Directions. From the first line of the data down to and including the line with "商品名称:摩飞电器(Morphyrichards) 自动磨豆咖啡机 MR1103", copy everything exactly, leaving out pictures.

(Extracted material)

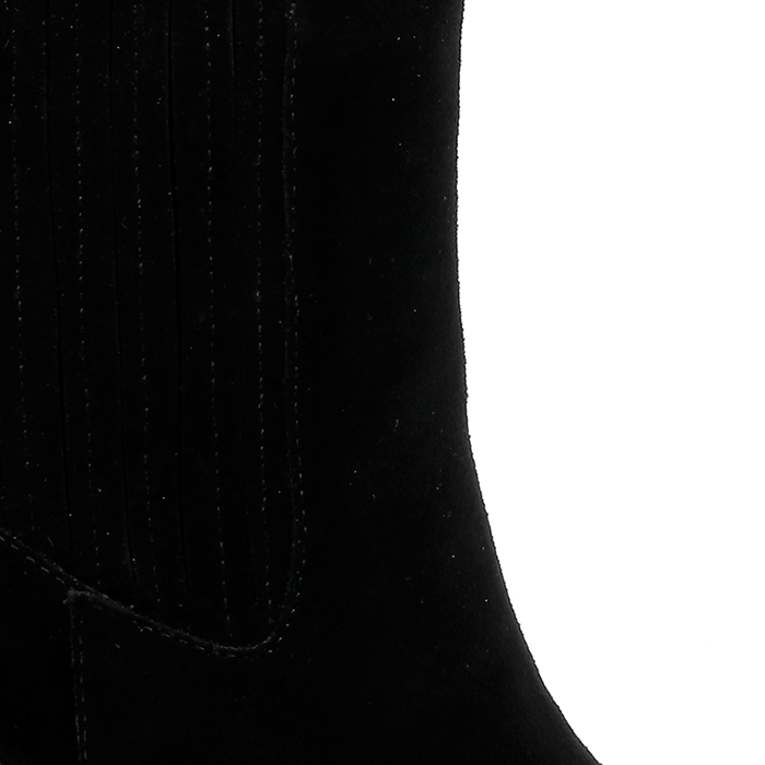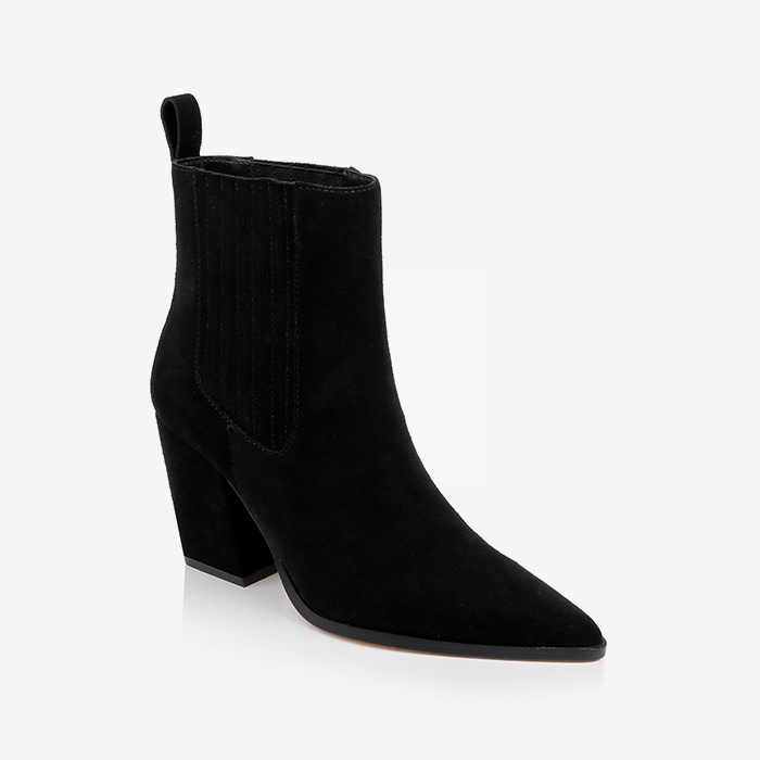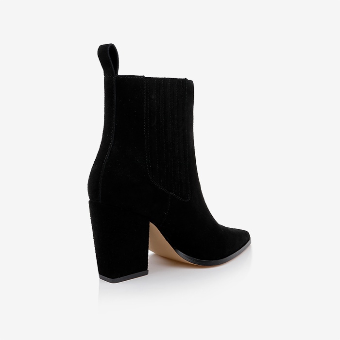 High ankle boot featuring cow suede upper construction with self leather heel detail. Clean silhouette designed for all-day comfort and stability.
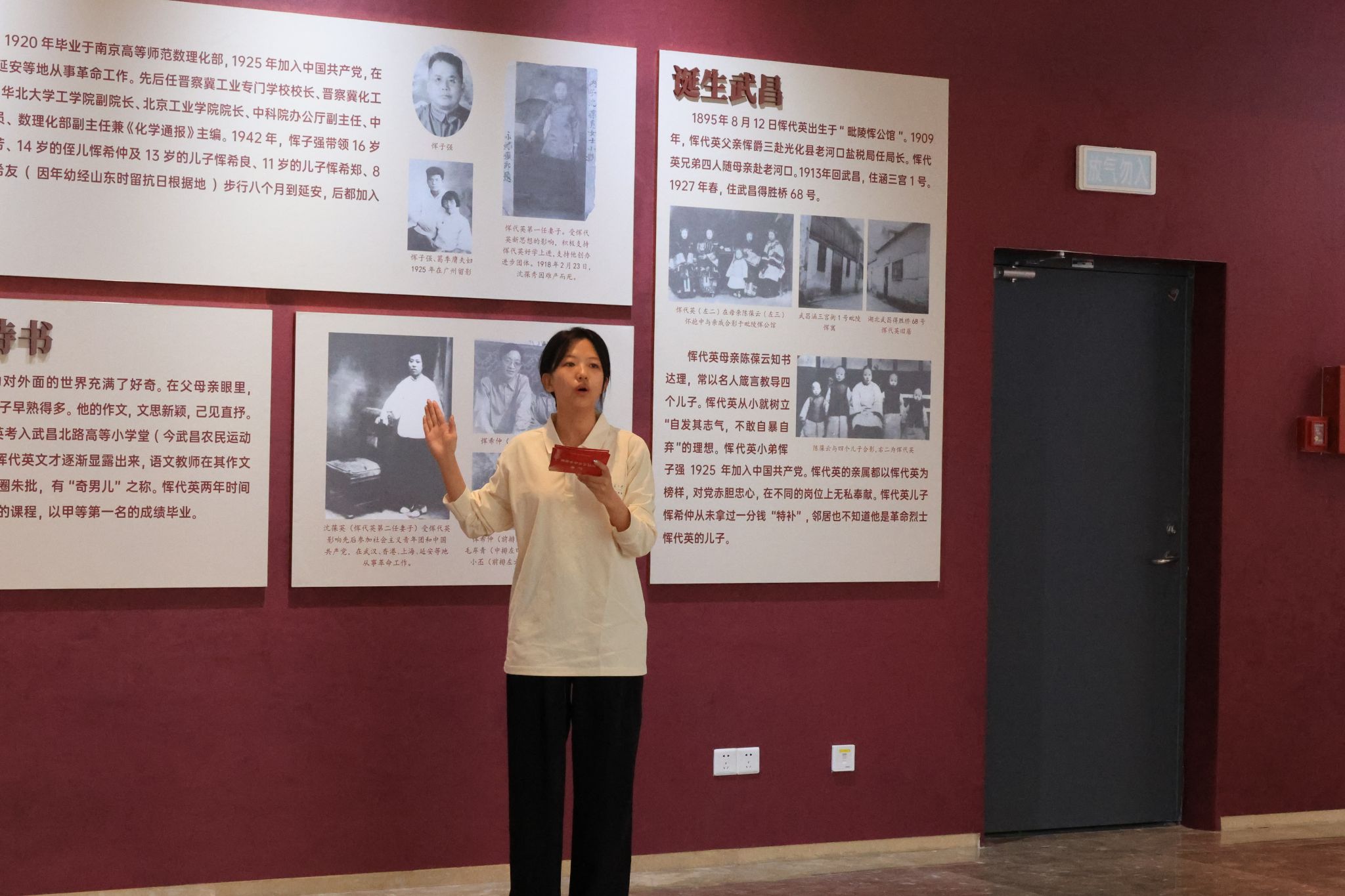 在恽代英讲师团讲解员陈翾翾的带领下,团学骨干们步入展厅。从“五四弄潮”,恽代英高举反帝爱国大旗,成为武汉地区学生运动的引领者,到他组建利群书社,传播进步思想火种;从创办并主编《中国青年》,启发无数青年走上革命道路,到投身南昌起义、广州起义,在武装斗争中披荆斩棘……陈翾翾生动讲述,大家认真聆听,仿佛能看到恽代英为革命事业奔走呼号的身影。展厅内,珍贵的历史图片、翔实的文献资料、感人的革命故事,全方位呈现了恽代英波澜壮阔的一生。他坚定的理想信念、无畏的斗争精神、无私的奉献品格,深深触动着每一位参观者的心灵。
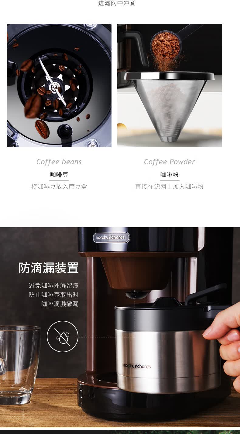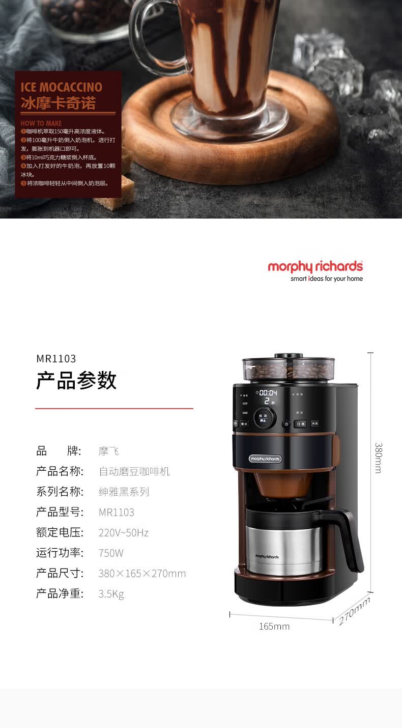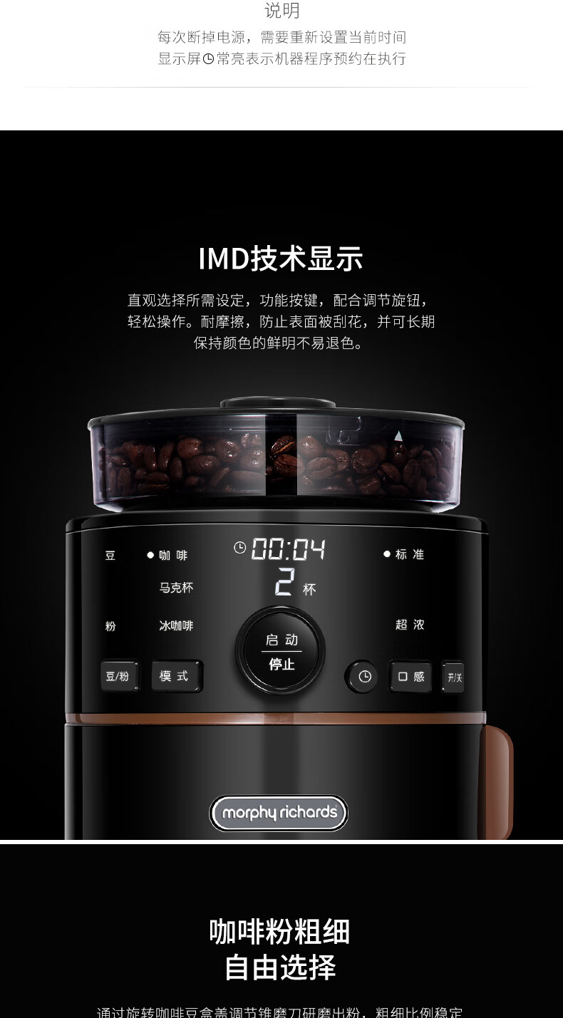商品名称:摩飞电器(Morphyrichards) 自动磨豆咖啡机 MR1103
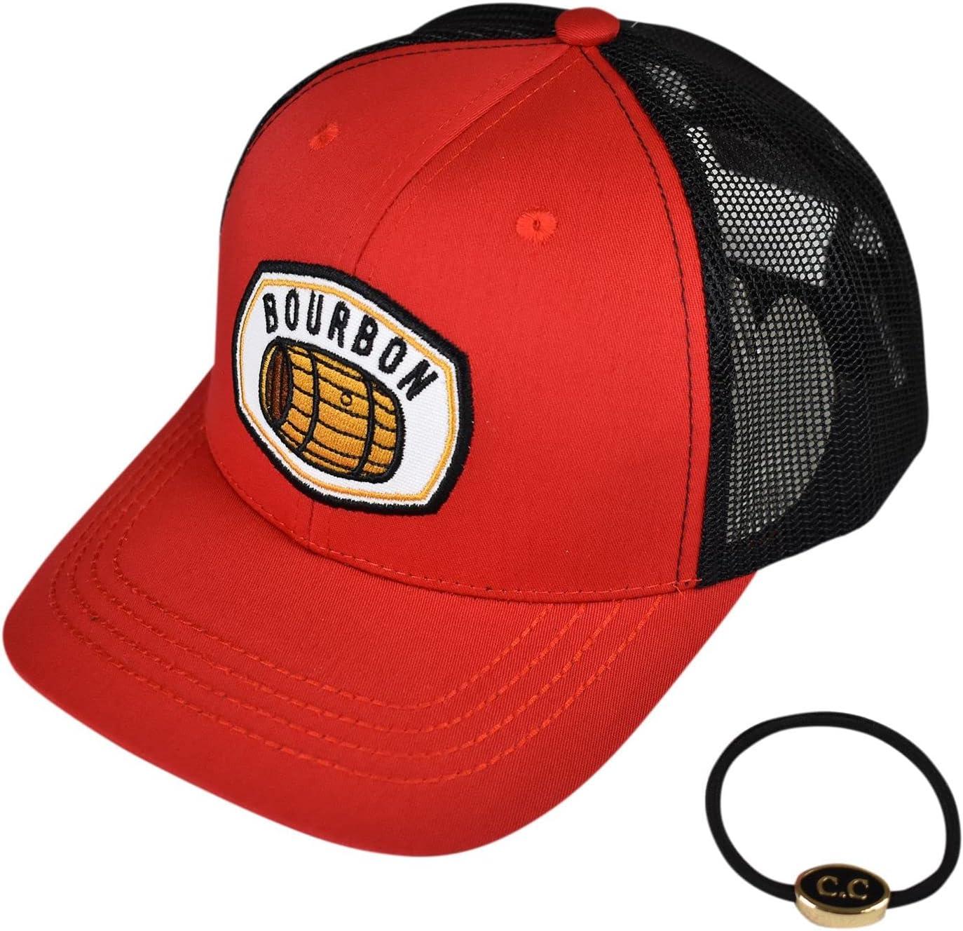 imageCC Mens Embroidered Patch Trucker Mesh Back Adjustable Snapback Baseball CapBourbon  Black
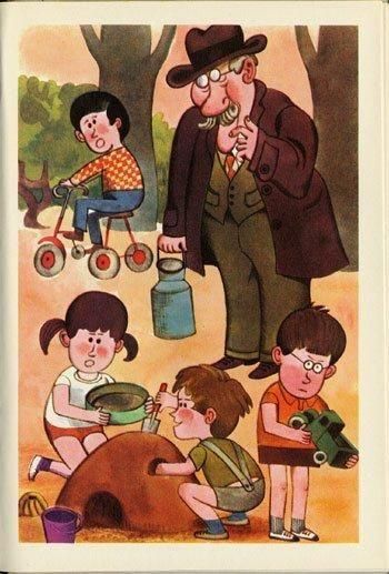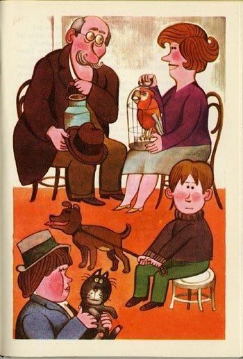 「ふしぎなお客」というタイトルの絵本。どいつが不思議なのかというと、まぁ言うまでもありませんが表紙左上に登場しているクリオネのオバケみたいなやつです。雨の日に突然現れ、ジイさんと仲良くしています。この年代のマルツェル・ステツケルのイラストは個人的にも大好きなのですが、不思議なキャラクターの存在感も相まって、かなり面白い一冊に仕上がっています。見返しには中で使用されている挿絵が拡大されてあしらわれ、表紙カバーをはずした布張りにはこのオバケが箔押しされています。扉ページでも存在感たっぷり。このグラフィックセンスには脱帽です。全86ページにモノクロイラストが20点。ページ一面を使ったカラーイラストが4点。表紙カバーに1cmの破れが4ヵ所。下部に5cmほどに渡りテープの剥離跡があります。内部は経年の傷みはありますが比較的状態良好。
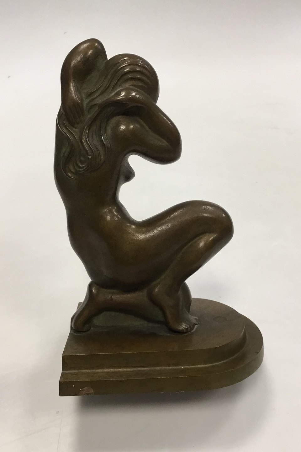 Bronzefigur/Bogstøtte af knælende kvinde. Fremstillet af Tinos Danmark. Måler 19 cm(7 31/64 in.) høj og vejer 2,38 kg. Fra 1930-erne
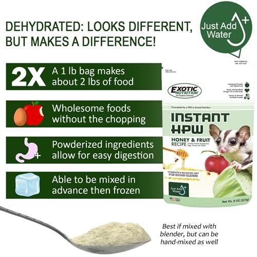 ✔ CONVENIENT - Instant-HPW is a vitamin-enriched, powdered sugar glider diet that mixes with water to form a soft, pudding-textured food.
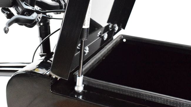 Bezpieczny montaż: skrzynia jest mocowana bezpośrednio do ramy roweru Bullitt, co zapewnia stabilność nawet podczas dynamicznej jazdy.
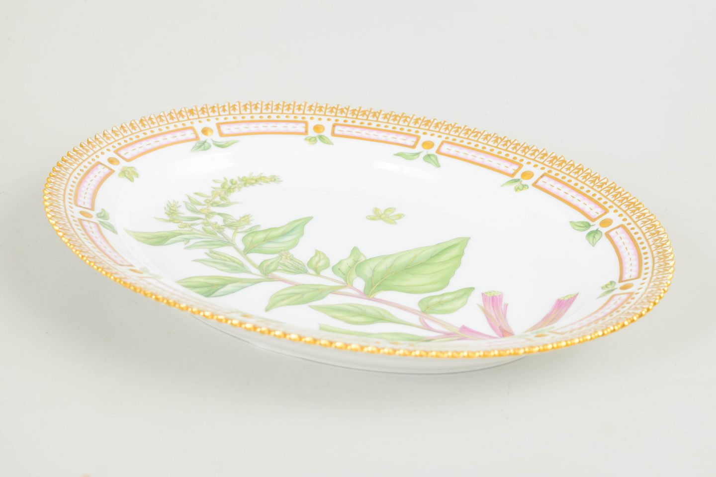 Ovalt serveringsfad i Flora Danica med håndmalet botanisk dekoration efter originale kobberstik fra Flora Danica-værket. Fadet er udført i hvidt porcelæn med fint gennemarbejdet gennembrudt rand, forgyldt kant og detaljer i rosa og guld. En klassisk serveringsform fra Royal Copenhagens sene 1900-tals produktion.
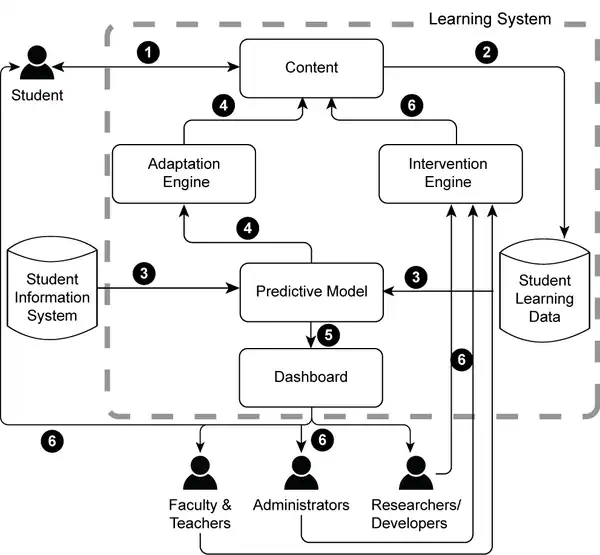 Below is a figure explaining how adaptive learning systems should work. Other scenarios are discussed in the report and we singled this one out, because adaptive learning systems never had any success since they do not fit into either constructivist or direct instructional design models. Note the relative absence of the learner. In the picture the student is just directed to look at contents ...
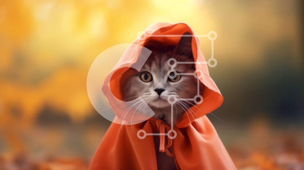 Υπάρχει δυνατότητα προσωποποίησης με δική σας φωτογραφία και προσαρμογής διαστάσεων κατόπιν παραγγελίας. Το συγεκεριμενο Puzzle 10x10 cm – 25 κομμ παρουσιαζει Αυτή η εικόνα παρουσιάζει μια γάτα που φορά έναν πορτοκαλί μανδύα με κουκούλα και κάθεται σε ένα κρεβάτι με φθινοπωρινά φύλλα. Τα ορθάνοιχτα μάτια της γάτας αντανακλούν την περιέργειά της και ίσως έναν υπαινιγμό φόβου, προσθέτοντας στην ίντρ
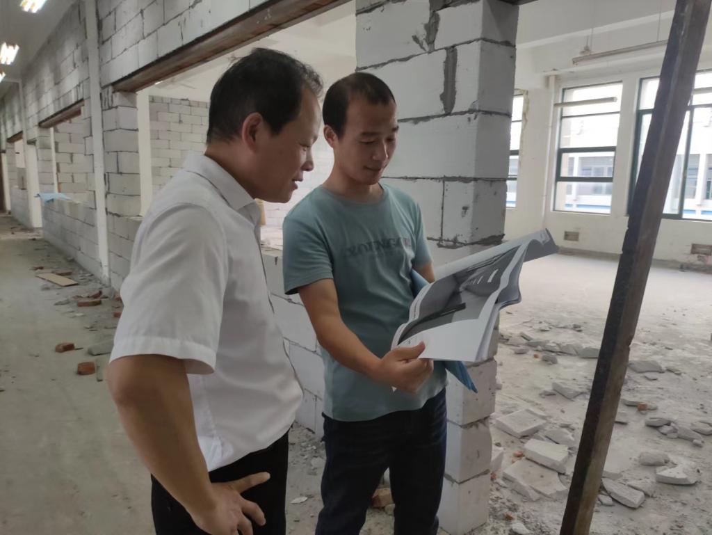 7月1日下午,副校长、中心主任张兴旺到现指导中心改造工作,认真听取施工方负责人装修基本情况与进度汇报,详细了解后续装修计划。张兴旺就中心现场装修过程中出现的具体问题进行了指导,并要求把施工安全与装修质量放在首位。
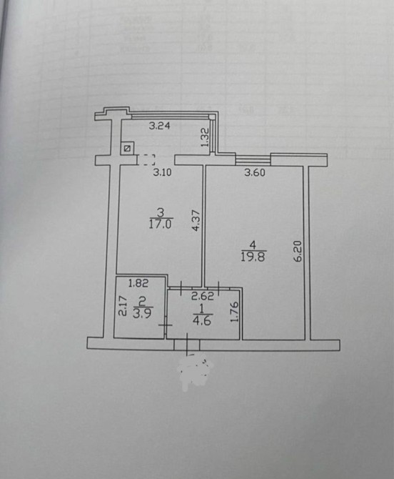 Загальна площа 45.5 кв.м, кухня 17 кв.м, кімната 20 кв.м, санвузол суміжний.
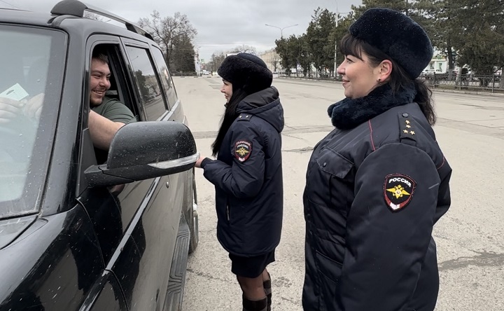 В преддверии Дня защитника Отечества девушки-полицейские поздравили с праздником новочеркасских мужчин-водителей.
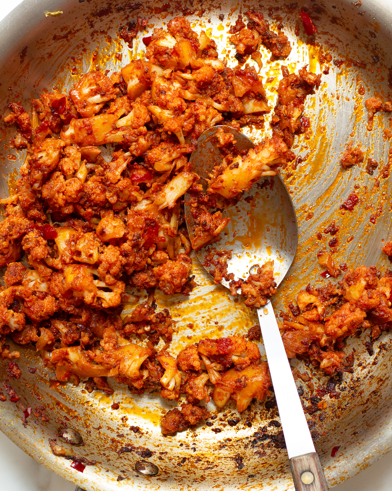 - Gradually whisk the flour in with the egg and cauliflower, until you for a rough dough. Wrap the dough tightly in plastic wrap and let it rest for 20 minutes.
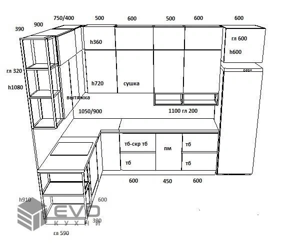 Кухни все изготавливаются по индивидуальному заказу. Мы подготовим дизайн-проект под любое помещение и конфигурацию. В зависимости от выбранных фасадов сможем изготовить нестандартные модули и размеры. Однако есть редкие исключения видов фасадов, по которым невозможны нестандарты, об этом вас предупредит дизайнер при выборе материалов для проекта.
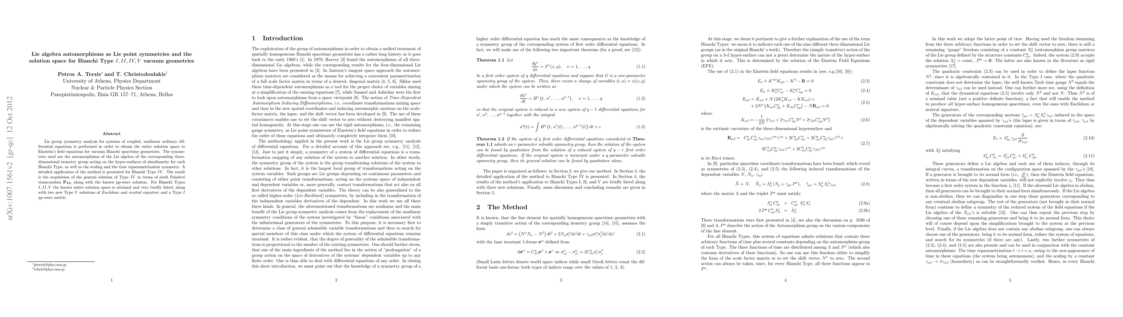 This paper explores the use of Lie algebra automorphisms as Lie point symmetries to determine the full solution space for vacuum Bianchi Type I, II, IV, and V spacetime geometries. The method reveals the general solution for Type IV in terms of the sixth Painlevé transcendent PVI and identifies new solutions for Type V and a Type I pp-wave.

(End Extracted material)

Written answer.
 High ankle boot featuring cow suede upper construction with self leather heel detail. Clean silhouette designed for all-day comfort and stability.
 在恽代英讲师团讲解员陈翾翾的带领下,团学骨干们步入展厅。从“五四弄潮”,恽代英高举反帝爱国大旗,成为武汉地区学生运动的引领者,到他组建利群书社,传播进步思想火种;从创办并主编《中国青年》,启发无数青年走上革命道路,到投身南昌起义、广州起义,在武装斗争中披荆斩棘……陈翾翾生动讲述,大家认真聆听,仿佛能看到恽代英为革命事业奔走呼号的身影。展厅内,珍贵的历史图片、翔实的文献资料、感人的革命故事,全方位呈现了恽代英波澜壮阔的一生。他坚定的理想信念、无畏的斗争精神、无私的奉献品格,深深触动着每一位参观者的心灵。
商品名称:摩飞电器(Morphyrichards) 自动磨豆咖啡机 MR1103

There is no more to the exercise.